--- PROVIDED DATA Enclosed Below ---

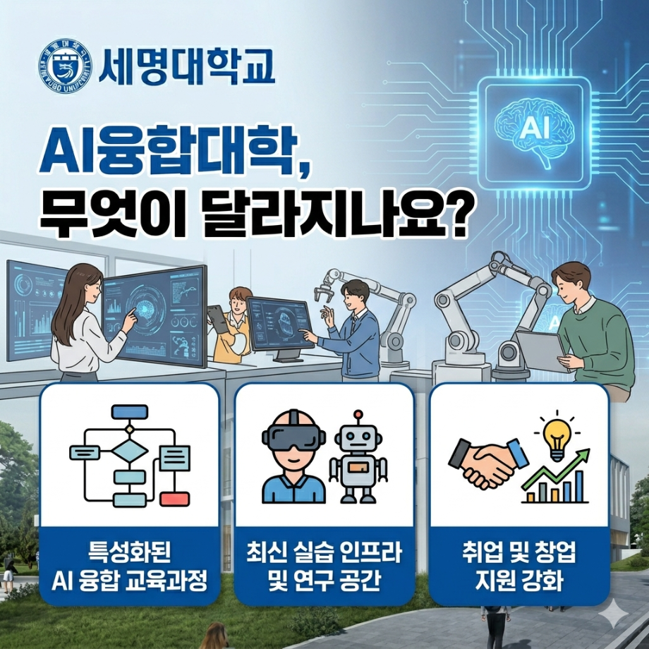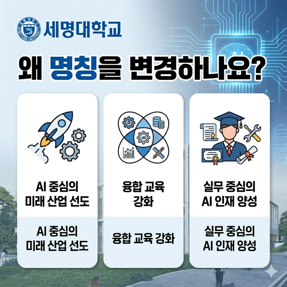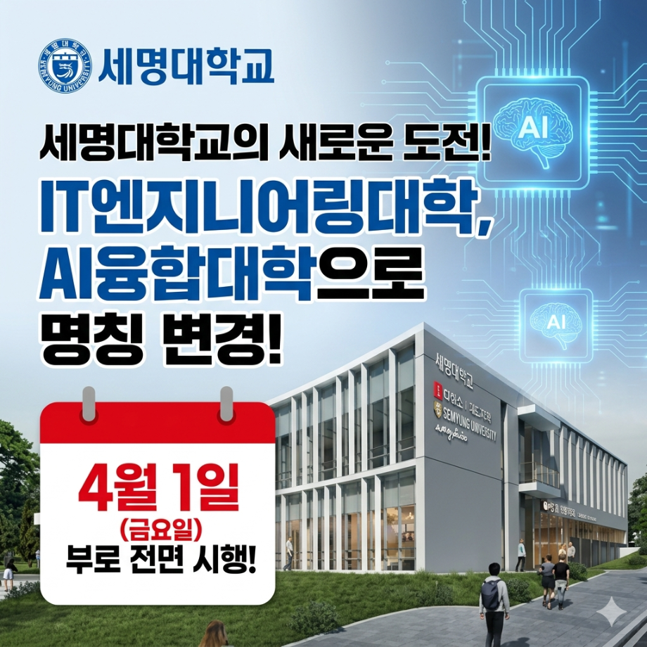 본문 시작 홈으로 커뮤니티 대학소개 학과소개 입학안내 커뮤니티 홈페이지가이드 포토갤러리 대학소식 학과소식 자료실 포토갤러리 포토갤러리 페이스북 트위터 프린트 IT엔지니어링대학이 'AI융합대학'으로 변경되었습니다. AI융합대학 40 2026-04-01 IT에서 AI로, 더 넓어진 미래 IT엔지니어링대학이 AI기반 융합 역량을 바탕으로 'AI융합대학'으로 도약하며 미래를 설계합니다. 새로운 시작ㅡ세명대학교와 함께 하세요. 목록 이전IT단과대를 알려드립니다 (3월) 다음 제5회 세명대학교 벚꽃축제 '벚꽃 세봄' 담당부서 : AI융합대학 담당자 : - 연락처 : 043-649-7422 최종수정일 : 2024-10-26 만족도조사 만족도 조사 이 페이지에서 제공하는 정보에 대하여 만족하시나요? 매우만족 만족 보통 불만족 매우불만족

--- End of Enclosed PROVIDED DATA ---
--- PROVIDED DATA Enclosed Below ---

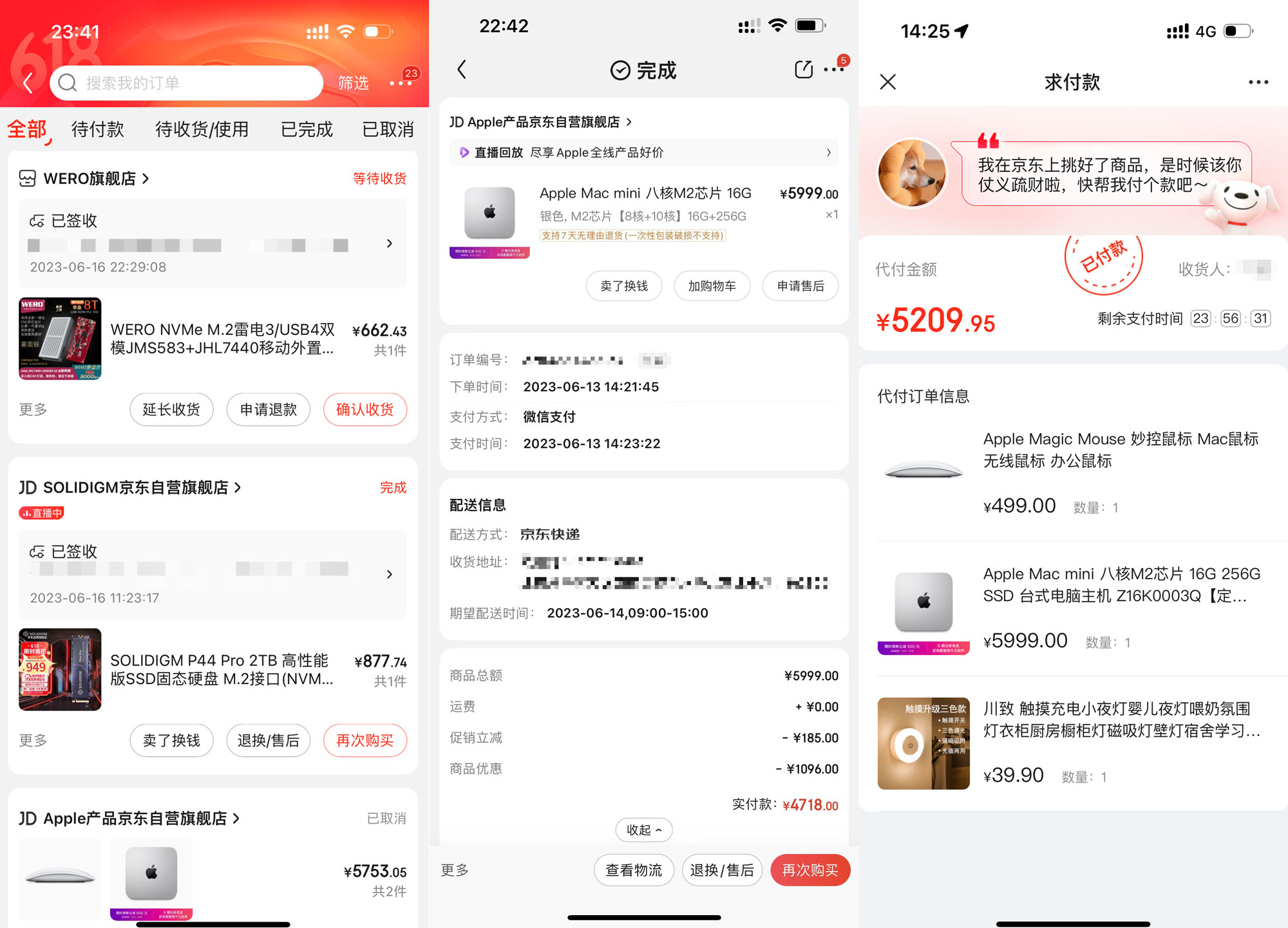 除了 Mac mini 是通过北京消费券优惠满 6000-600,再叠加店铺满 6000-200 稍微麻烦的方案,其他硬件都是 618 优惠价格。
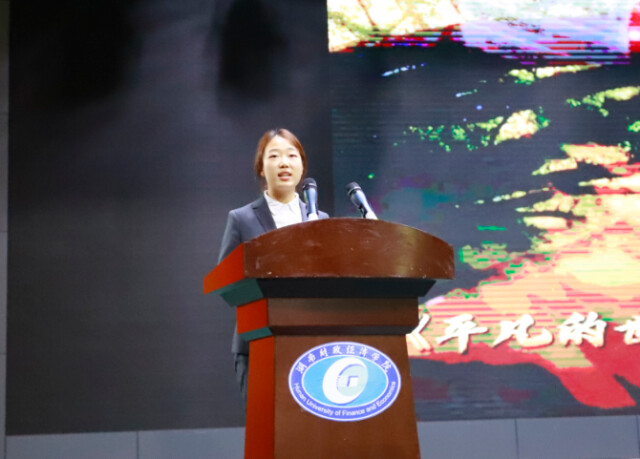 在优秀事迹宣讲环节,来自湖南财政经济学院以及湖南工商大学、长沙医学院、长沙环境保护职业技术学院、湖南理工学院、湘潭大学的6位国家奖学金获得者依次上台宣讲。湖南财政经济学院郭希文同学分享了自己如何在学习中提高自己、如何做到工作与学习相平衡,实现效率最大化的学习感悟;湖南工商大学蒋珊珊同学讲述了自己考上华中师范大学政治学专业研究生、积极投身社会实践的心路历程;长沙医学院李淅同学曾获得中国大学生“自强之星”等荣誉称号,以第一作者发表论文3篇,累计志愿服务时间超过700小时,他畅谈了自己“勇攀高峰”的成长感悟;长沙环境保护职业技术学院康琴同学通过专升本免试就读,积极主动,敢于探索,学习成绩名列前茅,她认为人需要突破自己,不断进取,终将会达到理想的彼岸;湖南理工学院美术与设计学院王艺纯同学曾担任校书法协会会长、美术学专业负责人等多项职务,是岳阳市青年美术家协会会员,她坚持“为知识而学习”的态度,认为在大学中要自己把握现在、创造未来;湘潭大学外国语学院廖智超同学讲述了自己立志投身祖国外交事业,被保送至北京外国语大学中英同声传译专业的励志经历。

--- End of Enclosed PROVIDED DATA ---

▸ **TASK INSTRUCTIONS**
Start at the line above containing "除了 Mac mini" and stop at the line containing "在优秀事迹宣讲环节,来自湖南": print those lines and everything between them exactly, but not the pictures.

▸ **SOLUTION TO THIS TASK**
 除了 Mac mini 是通过北京消费券优惠满 6000-600,再叠加店铺满 6000-200 稍微麻烦的方案,其他硬件都是 618 优惠价格。
 在优秀事迹宣讲环节,来自湖南财政经济学院以及湖南工商大学、长沙医学院、长沙环境保护职业技术学院、湖南理工学院、湘潭大学的6位国家奖学金获得者依次上台宣讲。湖南财政经济学院郭希文同学分享了自己如何在学习中提高自己、如何做到工作与学习相平衡,实现效率最大化的学习感悟;湖南工商大学蒋珊珊同学讲述了自己考上华中师范大学政治学专业研究生、积极投身社会实践的心路历程;长沙医学院李淅同学曾获得中国大学生“自强之星”等荣誉称号,以第一作者发表论文3篇,累计志愿服务时间超过700小时,他畅谈了自己“勇攀高峰”的成长感悟;长沙环境保护职业技术学院康琴同学通过专升本免试就读,积极主动,敢于探索,学习成绩名列前茅,她认为人需要突破自己,不断进取,终将会达到理想的彼岸;湖南理工学院美术与设计学院王艺纯同学曾担任校书法协会会长、美术学专业负责人等多项职务,是岳阳市青年美术家协会会员,她坚持“为知识而学习”的态度,认为在大学中要自己把握现在、创造未来;湘潭大学外国语学院廖智超同学讲述了自己立志投身祖国外交事业,被保送至北京外国语大学中英同声传译专业的励志经历。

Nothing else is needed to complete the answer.